Member of the Northern Ireland Assembly for East Londonderry
- Incumbent
- Assumed office 6 May 2014
- Preceded by: David McClarty

Member of Coleraine Borough Council
- In office 2013–2014
- Preceded by: David McClarty
- Succeeded by: Council abolished
- Constituency: Coleraine Central

Personal details
- Born: 7 August 1986 (age 39) Castlerock, Northern Ireland
- Party: Independent Unionist
- Spouse: Andy Anderson (m. 2019)
- Children: 1
- Alma mater: Queen's University Belfast

= Claire Sugden =

Northern Irish politician

Claire Sugden (born 7 August 1986) is a Northern Irish politician who was the Minister of Justice in the fourth Northern Ireland Executive from May 2016 to March 2017. She is a Member of the Legislative Assembly (MLA) for East Londonderry, having been co-opted to the position after the death of David McClarty in 2014, and won election to the seat in 2016, 2017 and 2022. She is an Independent Unionist, and is considered to be one of the most socially liberal unionist MLAs in the Assembly.

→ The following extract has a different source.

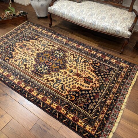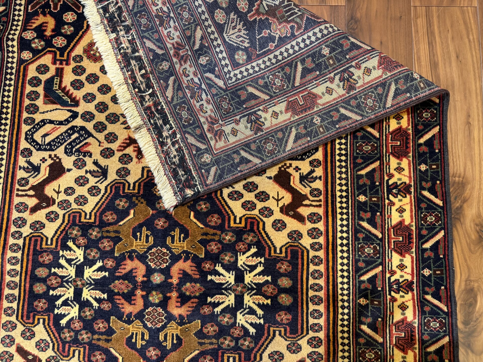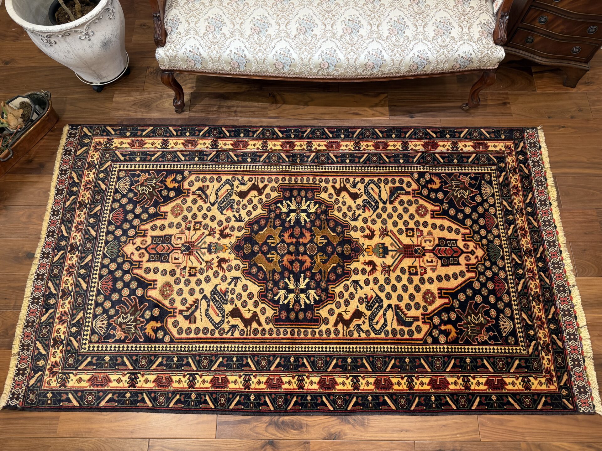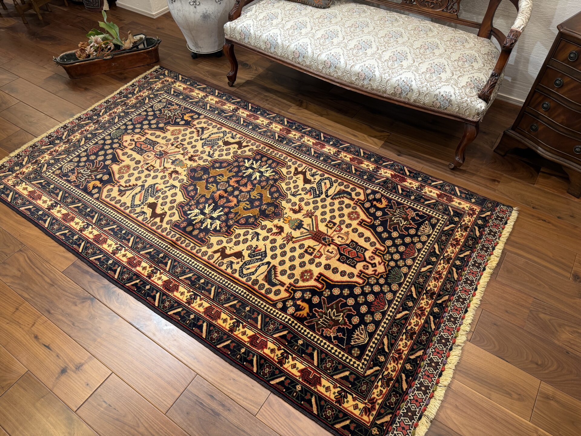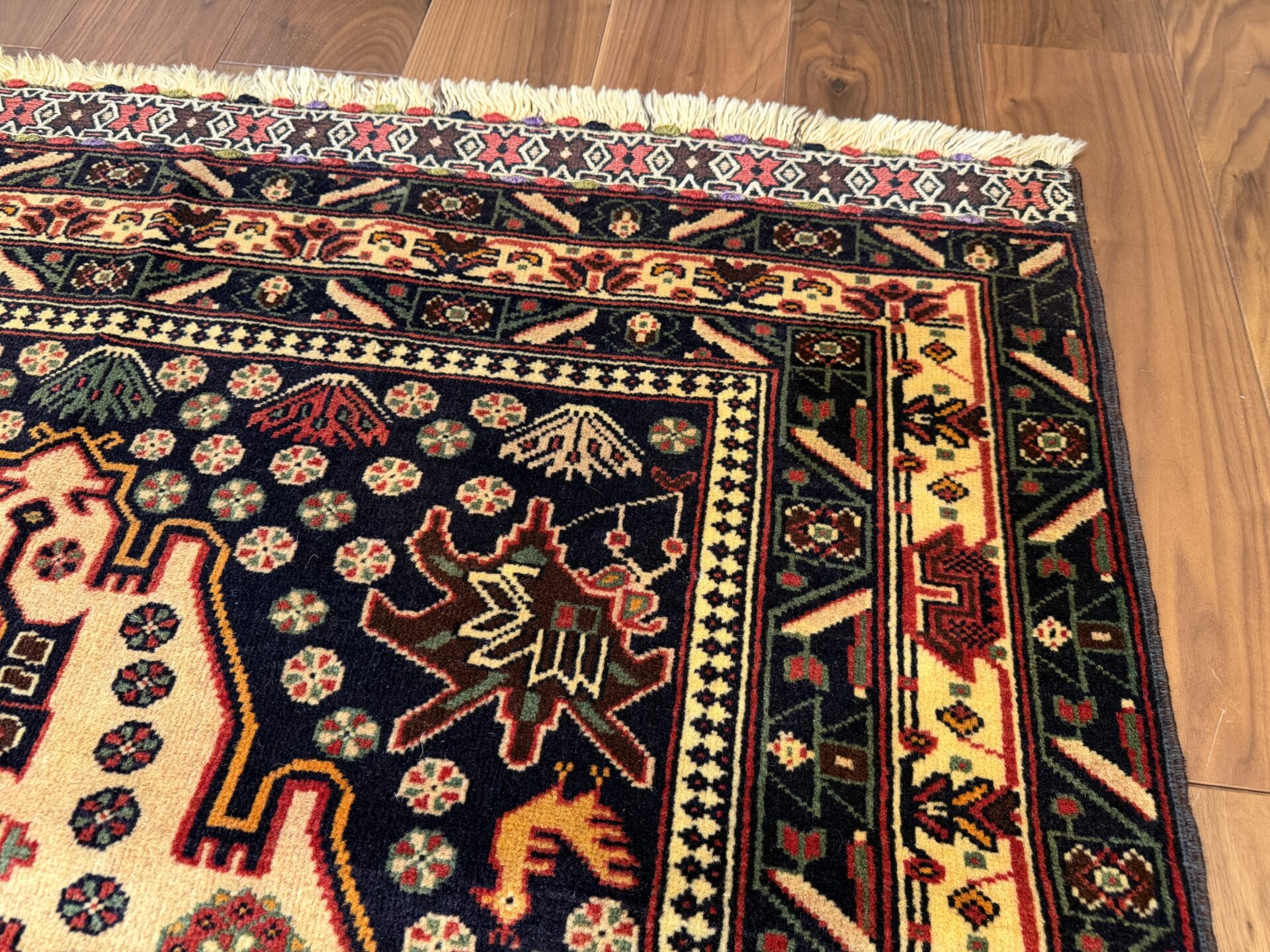 中心のメダリオンや周囲には、ラクダなどの動物や部族の伝統的なモチーフが規則的に配置されています。深いネイビーや赤の縁取りが全体の印象を引き締め、素朴ながらも力強い存在感を感じさせます。手織りならではの不均一な揺らぎが、紋様一つ一つに温かみのある表情を与えています。

==Early life and education==
Sugden was born the youngest of five children of Arthur and Elizabeth Sugden. Arthur was born in Leeds and worked as a prison officer, and met Elizabeth in Castlerock. Claire Sugden was raised in the Greenmount area of Coleraine. She attended Killowen primary school and Coleraine High School before studying a bachelor's degree in politics at Queen's University Belfast and graduating in 2008. She also has a master's degree in Irish politics from Queen's University Belfast and was studying part-time for a master's degree in political lobbying from the Ulster University when she was co-opted as an MLA.

==Political career==

=== Early political career ===

After graduating in 2008, Sugden was an intern at the Office of the First Minister and Deputy First Minister. She then interned at the United States Department of Health and Human Services as part of the Washington-Ireland Program. In 2008, she began working as a parliamentary assistant for David McClarty, then Ulster Unionist Party MLA for East Londonderry, a role she maintained until her co-option in 2014. In 2011, she managed McClarty's campaign for East Londonderry after he resigned from the UUP and stood as an independent unionist. She was co-opted as a member of Coleraine Borough Council in 2013 after McClarty resigned his seat on the council, and succeeded him as a Legislative Assembly member in February 2014 after his death.

=== Co-opted MLA ===

After McClarty's death in April 2014, Sugden was co-opted as the MLA for East Londonderry, becoming one of the youngest MLAs in the Northern Ireland Assembly. In her maiden speech, on 16 October 2014, she told MLAs to "Be mindful of how far we have come, because that is important, and take responsibility for the power that you hold."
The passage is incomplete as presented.